What you need to do: Transcribe every entry that follows, word for word, and omit the images.

Provided records:
---*---

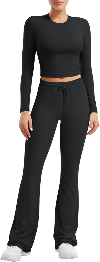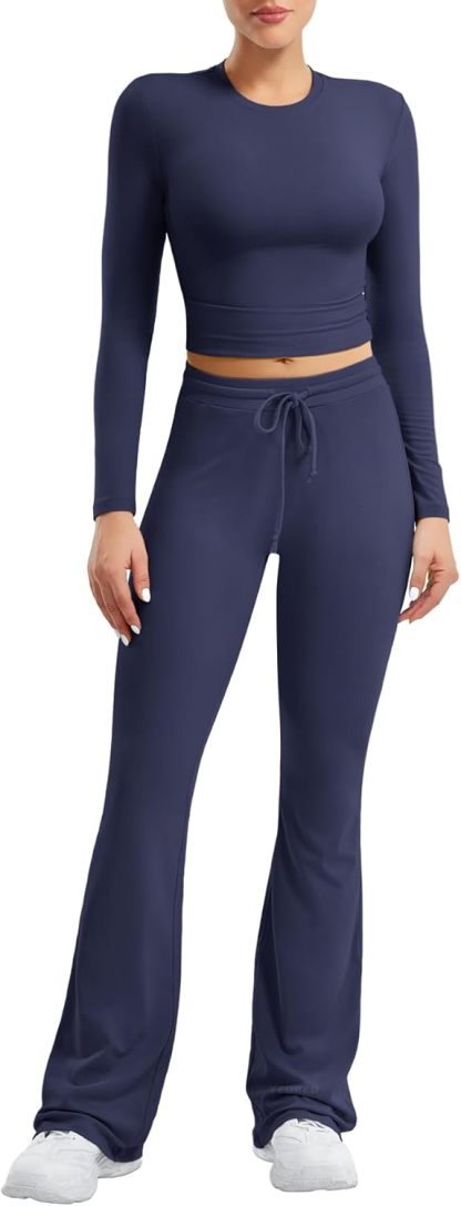 Lounge Sets Long Sleeve Tops Flare Pants Matching Set
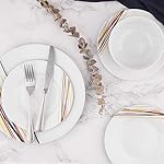 Dishwasher-safe, freezer-safe, and microwave-safe; plates can withstand heat up to 572 degrees F
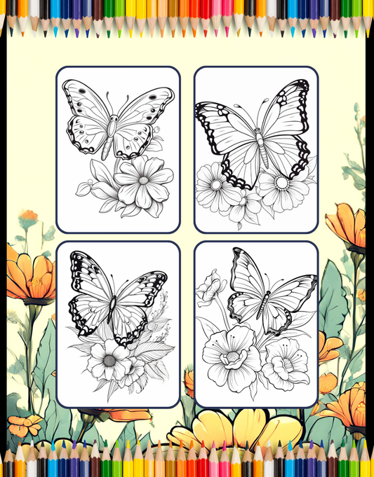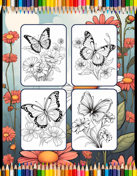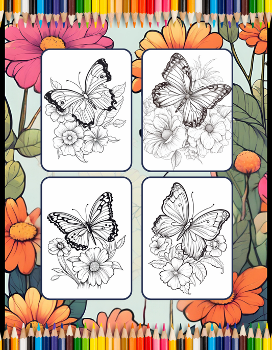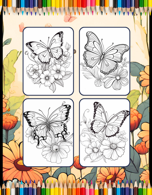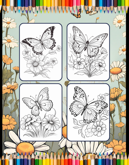 50 Pages Cute Butterfly and Flower Coloring Book Holiday Birthday Gift Present for Adults Kids Men Women Boys Girls Teens Butterfly Lover
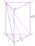 Cho lăng trụ tam giác đều \(ABC.A'B'C'\), biết cạnh đáy bằng a, cạnh bên bằng \(a\sqrt 3 \).
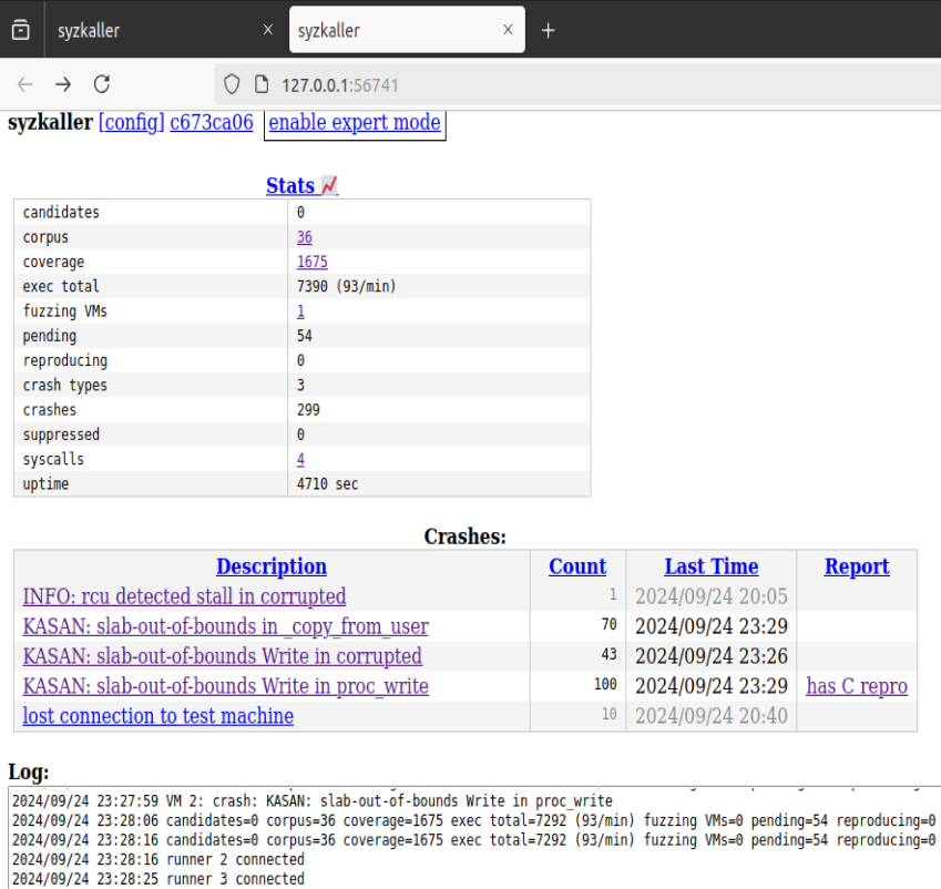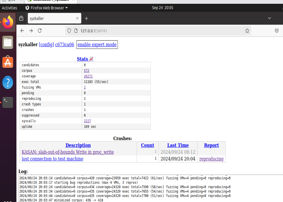 启动syzkaller,开始fuzz。

---*---

Finished exercise:
 Lounge Sets Long Sleeve Tops Flare Pants Matching Set
 Dishwasher-safe, freezer-safe, and microwave-safe; plates can withstand heat up to 572 degrees F
 50 Pages Cute Butterfly and Flower Coloring Book Holiday Birthday Gift Present for Adults Kids Men Women Boys Girls Teens Butterfly Lover
 Cho lăng trụ tam giác đều \(ABC.A'B'C'\), biết cạnh đáy bằng a, cạnh bên bằng \(a\sqrt 3 \).
 启动syzkaller,开始fuzz。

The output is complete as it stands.